▶ **PROBLEM STATEMENT**
Print the entries that appear below, exactly as written and without their pictures.
*** Begin section ***
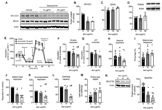 Mito-nuclear protein imbalance and mitochondrial complex I dysfunction in H9C2 cardiomyoblasts exposed to doxycycline. H9C2 cardiomyoblasts were exposed to doxycycline at 0, 10 or 30 μg/mL for 72–96 h. (A) Western blot showing protein expression of mitochondrially-encoded cytochrome c oxidase I (MT-CO1) and nuclear-encoded succinate dehydrogenase complex, subunit A (SDHA). Actin was used as a loading control. (B) MT-CO1 protein content (normalized to vehicle) was significantly lower in doxycycline-treated cells. (C,D) SDHA and TOM20 protein content is unaffected by doxycycline. (E) Typical Seahorse run with injections of oligomycin, carbonylcyanide-4-(trifluoromethoxy)-phenylhydrazone (FCCP), antimycin A and rotenone highlighted. (F–H) Routine, oxygen consumption used for ATP production (Routine-Leak respiration) and maximal respiration was reduced in doxycycline-treated cells. (I) Normalized leak respiration (i.e., Leak / Maximal respiration) was higher in both concentrations of doxycycline. (J) Mitochondrial complex I-stimulated respiration (with substrates pyruvate and malate) was significantly reduced in cells exposed to 10 or 30 µg/mL doxycycline compared to vehicle. (K) Complex II-stimulated (with succinate and rotenone) was only reduced at 30 µg/mL doxycycline compared to vehicle or low dose doxycycline. (L) Oxidative phosphorylation (OXPHOS) capacity (with pyruvate, malate and succinate) dose-dependently decreased following doxycycline exposure, note that panel H shows maximal uncoupled respiration. (M) Relative leak respiration (after oligomycin) with complex I substrates showed increased proton leak from complex I at 30 µg/mL doxycycline. No differences were observed with other substrates. (N) Western blot analysis revealed a large reduction in protein content of nuclear-encoded mitochondrial complex I subunit NDUFS3 in doxycycline-treated H9C2 cells. Bar graphs are expressed as mean±SEM. *: p < 0.05 vs. vehicle, one-way ANOVA followed by Tukey’s post-hoc test for multiple comparisons, #: p < 0.05 vs. 10 µg/mL doxycycline. ⊺: p = 0.088 vs. 10 µg/mL doxycycline.
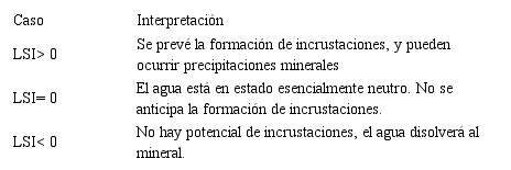 Para este método se definen como incrustantes, corrosivos o neutros a las muestras de aguas tal y como se establece en el método de Langelier [38] (Tabla 1).
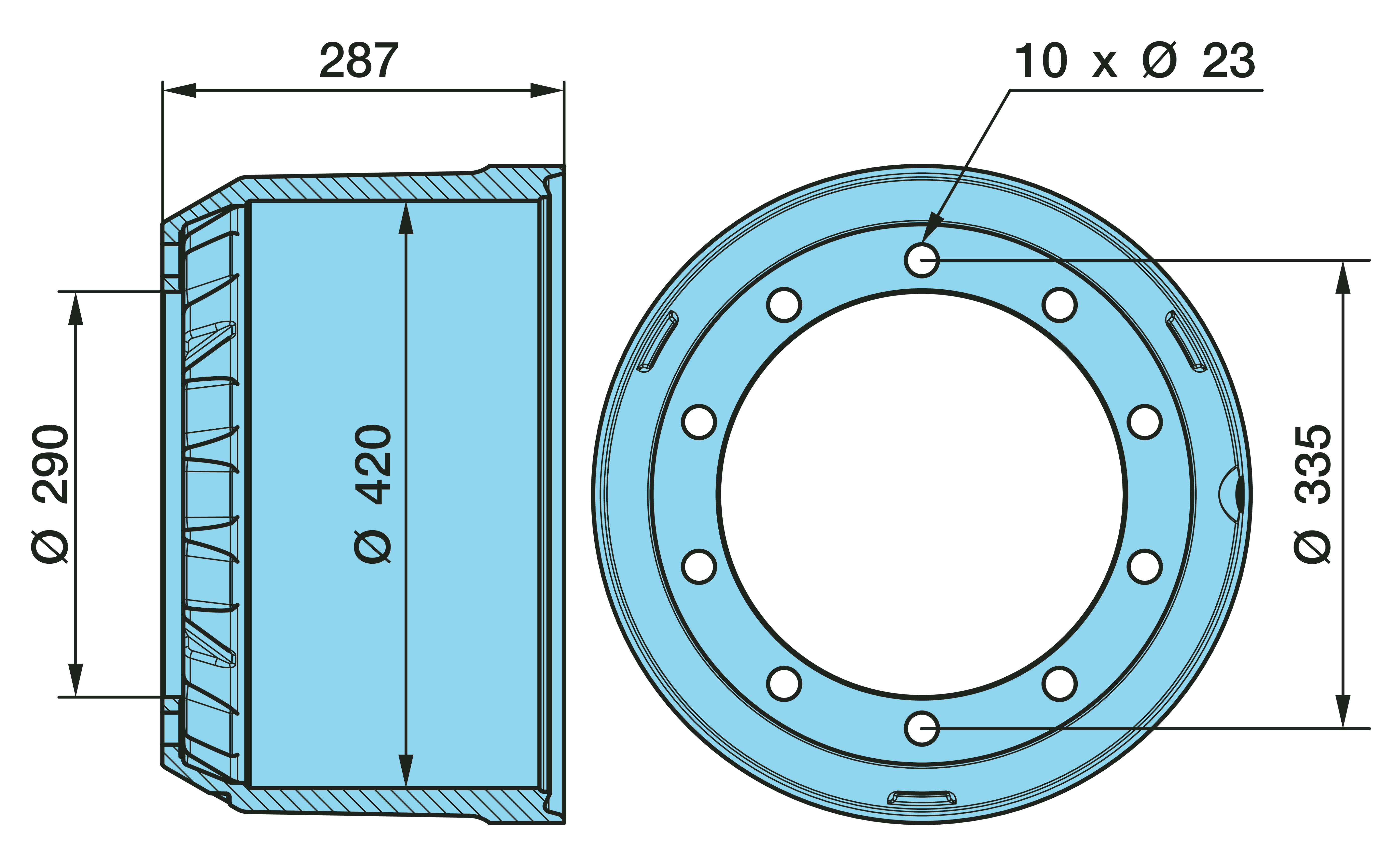 Dimension: Ø 420 x 200 / 289 / 290 / 10 x Ø 23 / 335
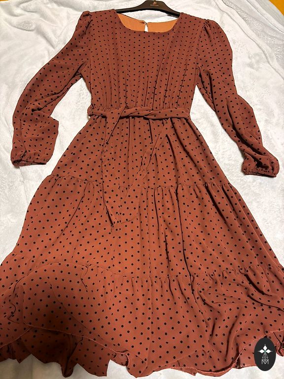 Kerge, õhuline, väga ilus kleit fantastiliselt ilusa kangaga. Kangas on peenelt gofreeritud väikese läikega. Fantastiliselt kerge, õhuline, ilus kleit igapäevaseks kandmiseks ja pidustusteks. Kleitil on volang ja vooder. Rinnaümbermõõt 112-114.
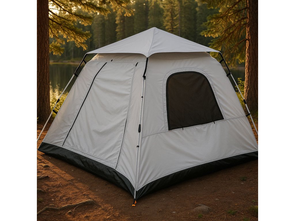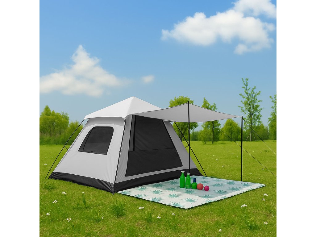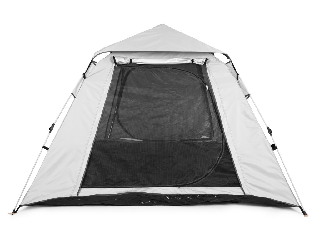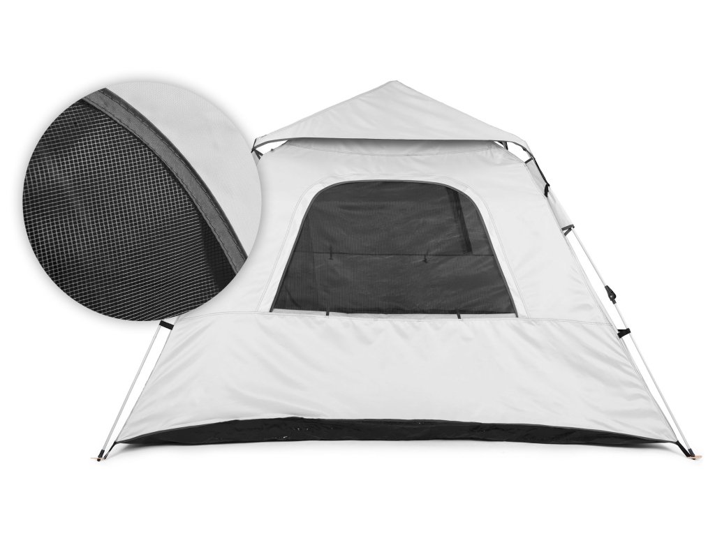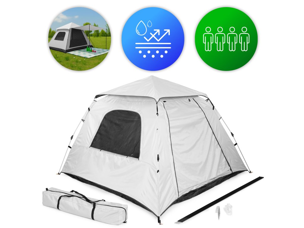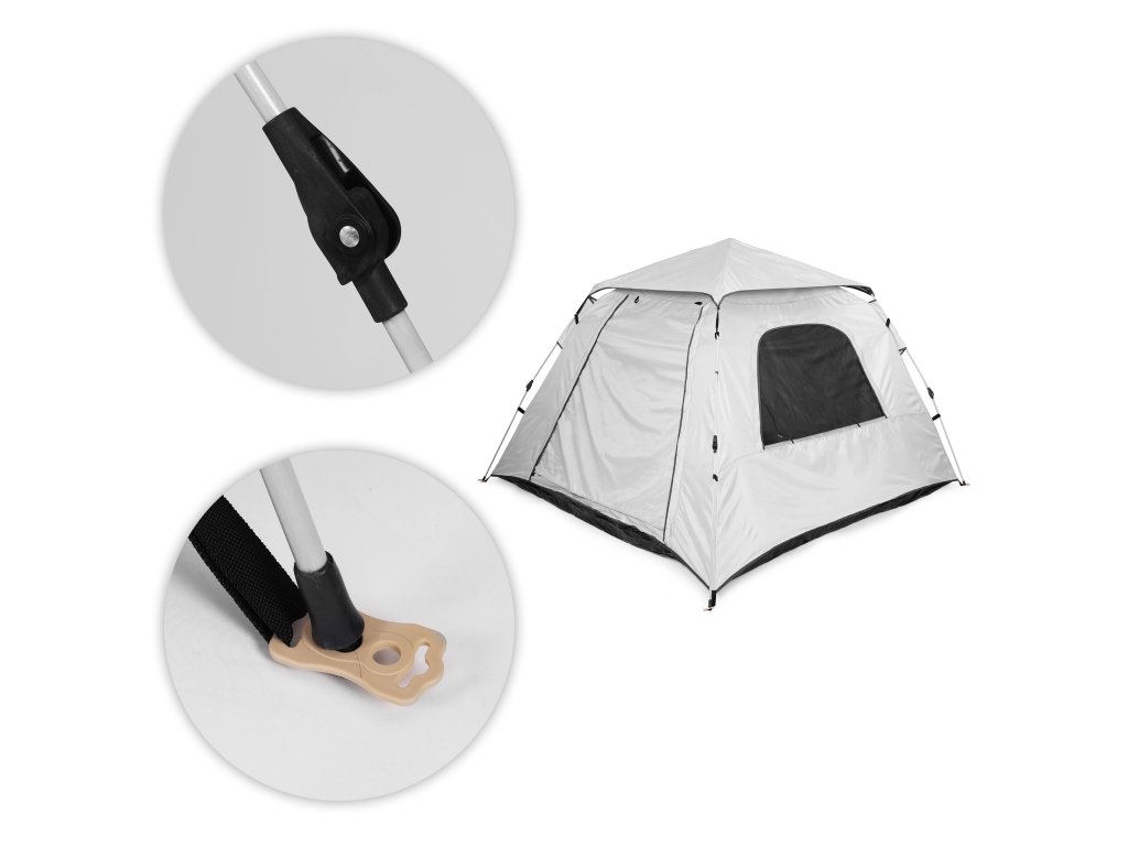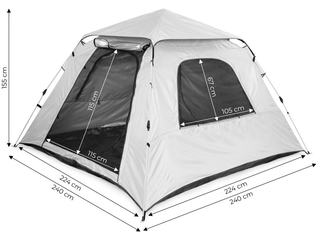 Čtyřosobový stan je ideálním řešením pro kempování, táboření a festivaly. Díky automatickému systému rozkládání se postaví během chvilky bez použití nářadí. Pevnákonstrukce ze oceli a skleněných vláken zajišťuje stabilitu a kolíky a kotvící lana chrání před větrem. Plášť z polyesteru 190T s PU povlakem je odolný proti vlhkosti a UV záření a voděodolnost 1500 mm účinně chrání před deštěm. Moskytiéry ve dveřích, oknech a stříšce zajišťují větrání a ochranu před hmyzem.
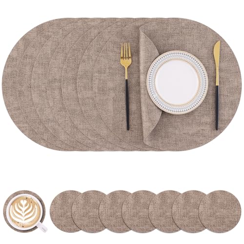 Homaxy Round Faux Leather Placemats and Coasters, Washable Dual-Side Table Mats, Wipeable Heat-Resistant Dining Place Mats for Outdoor and Indoor, Set of 8, Diameter 13 and 3.93 inch, Light Brown
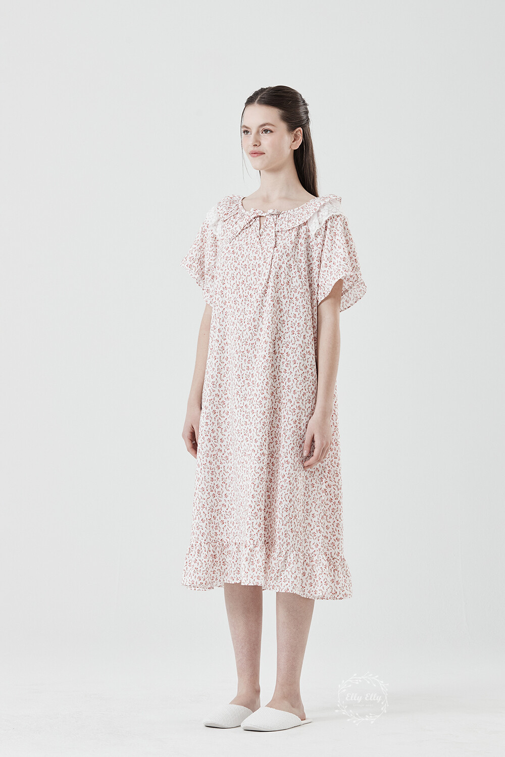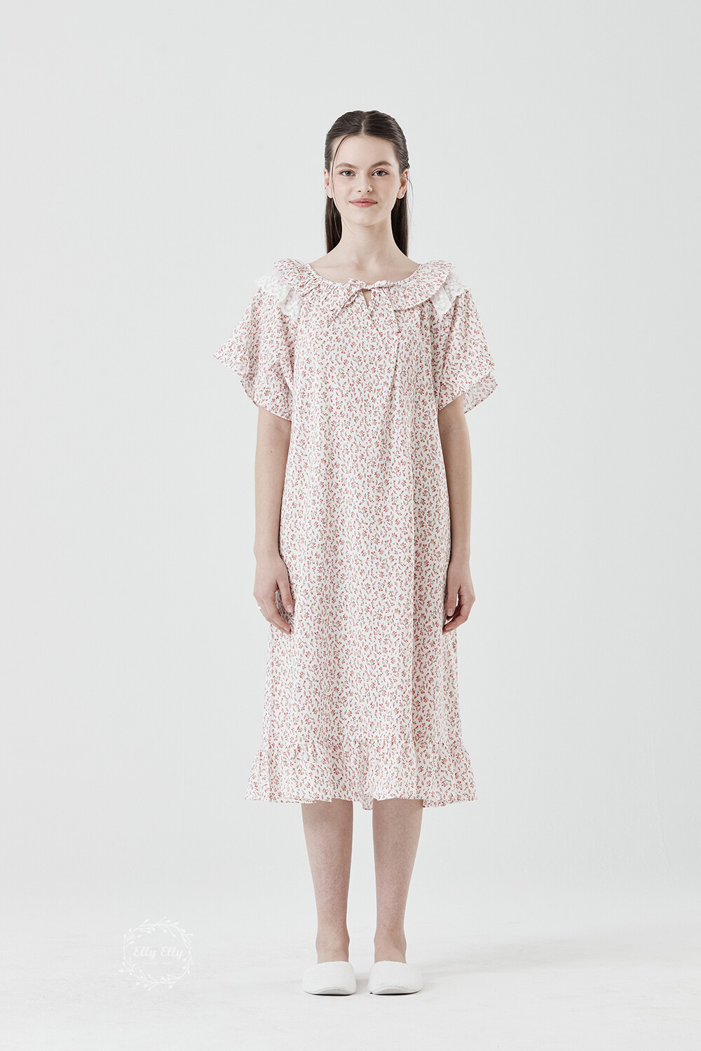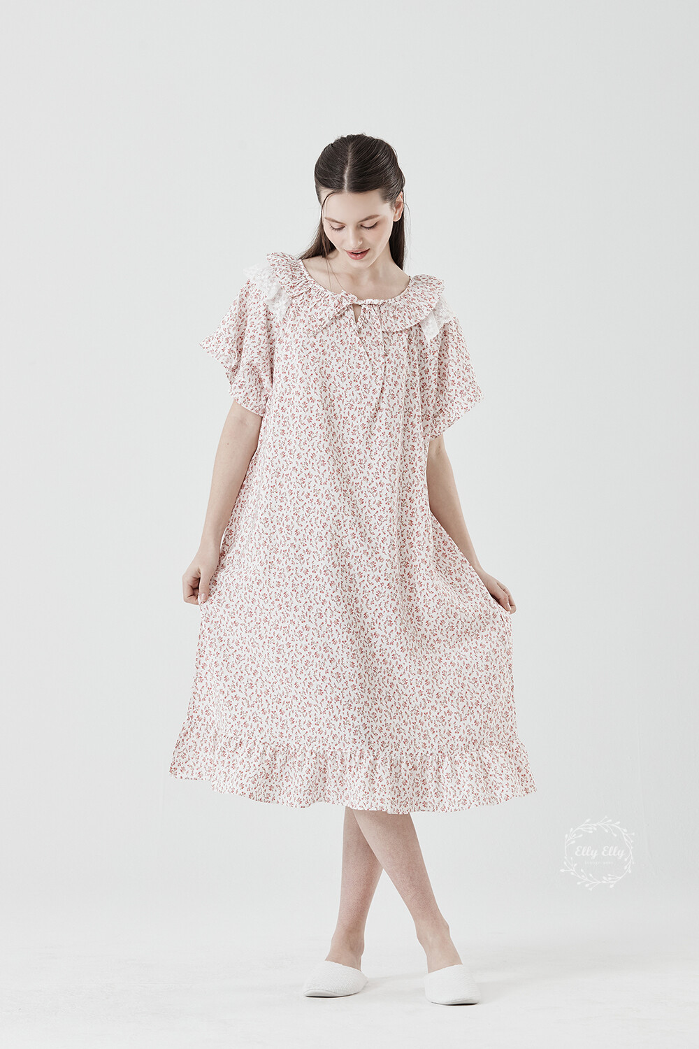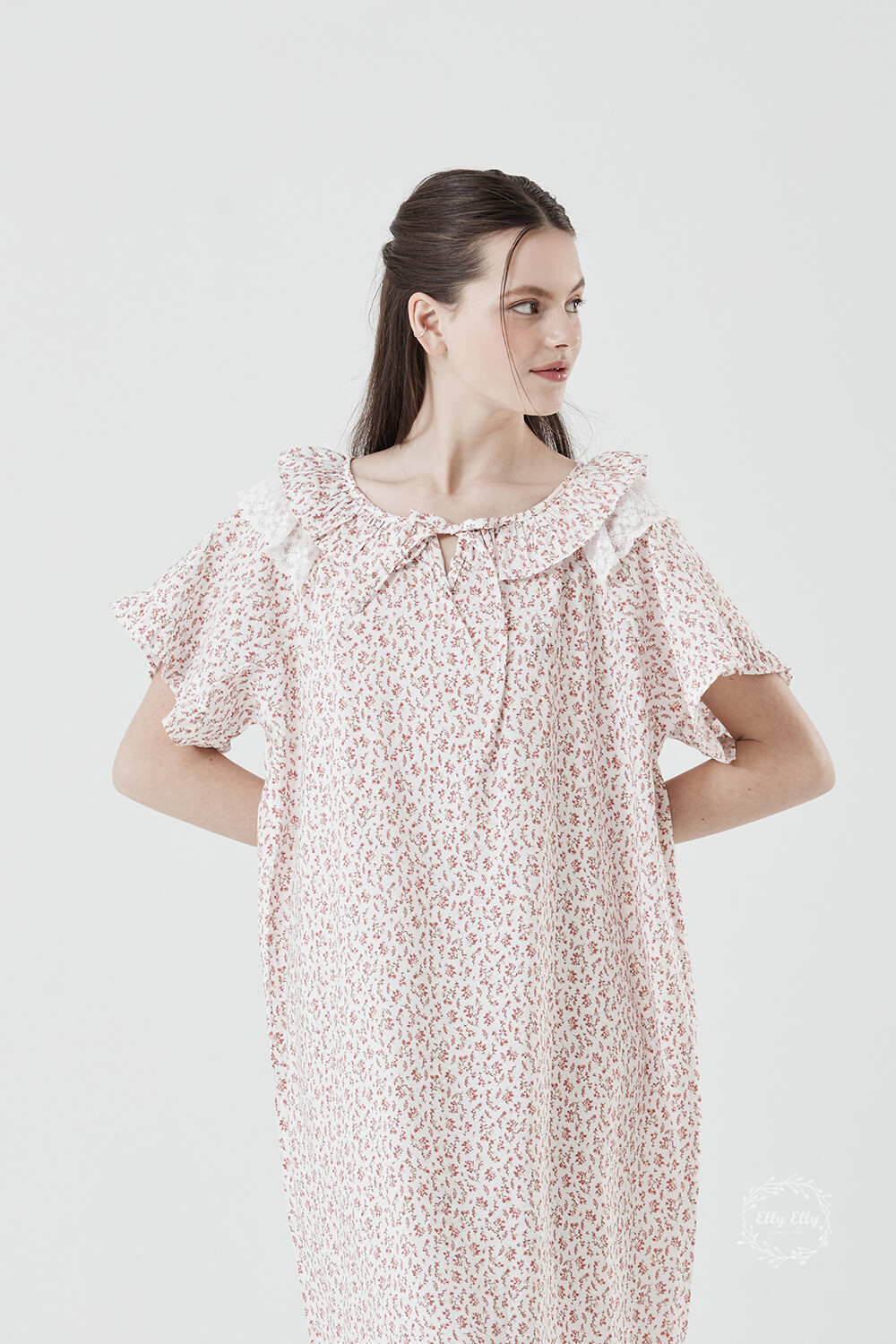 LL-716 엘리엘리 정품 잔꽃 프릴레이스 여성 반팔드레스 레드
*** End section ***
▶ **COMPLETED EXERCISE**
 Mito-nuclear protein imbalance and mitochondrial complex I dysfunction in H9C2 cardiomyoblasts exposed to doxycycline. H9C2 cardiomyoblasts were exposed to doxycycline at 0, 10 or 30 μg/mL for 72–96 h. (A) Western blot showing protein expression of mitochondrially-encoded cytochrome c oxidase I (MT-CO1) and nuclear-encoded succinate dehydrogenase complex, subunit A (SDHA). Actin was used as a loading control. (B) MT-CO1 protein content (normalized to vehicle) was significantly lower in doxycycline-treated cells. (C,D) SDHA and TOM20 protein content is unaffected by doxycycline. (E) Typical Seahorse run with injections of oligomycin, carbonylcyanide-4-(trifluoromethoxy)-phenylhydrazone (FCCP), antimycin A and rotenone highlighted. (F–H) Routine, oxygen consumption used for ATP production (Routine-Leak respiration) and maximal respiration was reduced in doxycycline-treated cells. (I) Normalized leak respiration (i.e., Leak / Maximal respiration) was higher in both concentrations of doxycycline. (J) Mitochondrial complex I-stimulated respiration (with substrates pyruvate and malate) was significantly reduced in cells exposed to 10 or 30 µg/mL doxycycline compared to vehicle. (K) Complex II-stimulated (with succinate and rotenone) was only reduced at 30 µg/mL doxycycline compared to vehicle or low dose doxycycline. (L) Oxidative phosphorylation (OXPHOS) capacity (with pyruvate, malate and succinate) dose-dependently decreased following doxycycline exposure, note that panel H shows maximal uncoupled respiration. (M) Relative leak respiration (after oligomycin) with complex I substrates showed increased proton leak from complex I at 30 µg/mL doxycycline. No differences were observed with other substrates. (N) Western blot analysis revealed a large reduction in protein content of nuclear-encoded mitochondrial complex I subunit NDUFS3 in doxycycline-treated H9C2 cells. Bar graphs are expressed as mean±SEM. *: p < 0.05 vs. vehicle, one-way ANOVA followed by Tukey’s post-hoc test for multiple comparisons, #: p < 0.05 vs. 10 µg/mL doxycycline. ⊺: p = 0.088 vs. 10 µg/mL doxycycline.
 Para este método se definen como incrustantes, corrosivos o neutros a las muestras de aguas tal y como se establece en el método de Langelier [38] (Tabla 1).
 Dimension: Ø 420 x 200 / 289 / 290 / 10 x Ø 23 / 335
 Kerge, õhuline, väga ilus kleit fantastiliselt ilusa kangaga. Kangas on peenelt gofreeritud väikese läikega. Fantastiliselt kerge, õhuline, ilus kleit igapäevaseks kandmiseks ja pidustusteks. Kleitil on volang ja vooder. Rinnaümbermõõt 112-114.
 Čtyřosobový stan je ideálním řešením pro kempování, táboření a festivaly. Díky automatickému systému rozkládání se postaví během chvilky bez použití nářadí. Pevnákonstrukce ze oceli a skleněných vláken zajišťuje stabilitu a kolíky a kotvící lana chrání před větrem. Plášť z polyesteru 190T s PU povlakem je odolný proti vlhkosti a UV záření a voděodolnost 1500 mm účinně chrání před deštěm. Moskytiéry ve dveřích, oknech a stříšce zajišťují větrání a ochranu před hmyzem.
 Homaxy Round Faux Leather Placemats and Coasters, Washable Dual-Side Table Mats, Wipeable Heat-Resistant Dining Place Mats for Outdoor and Indoor, Set of 8, Diameter 13 and 3.93 inch, Light Brown
 LL-716 엘리엘리 정품 잔꽃 프릴레이스 여성 반팔드레스 레드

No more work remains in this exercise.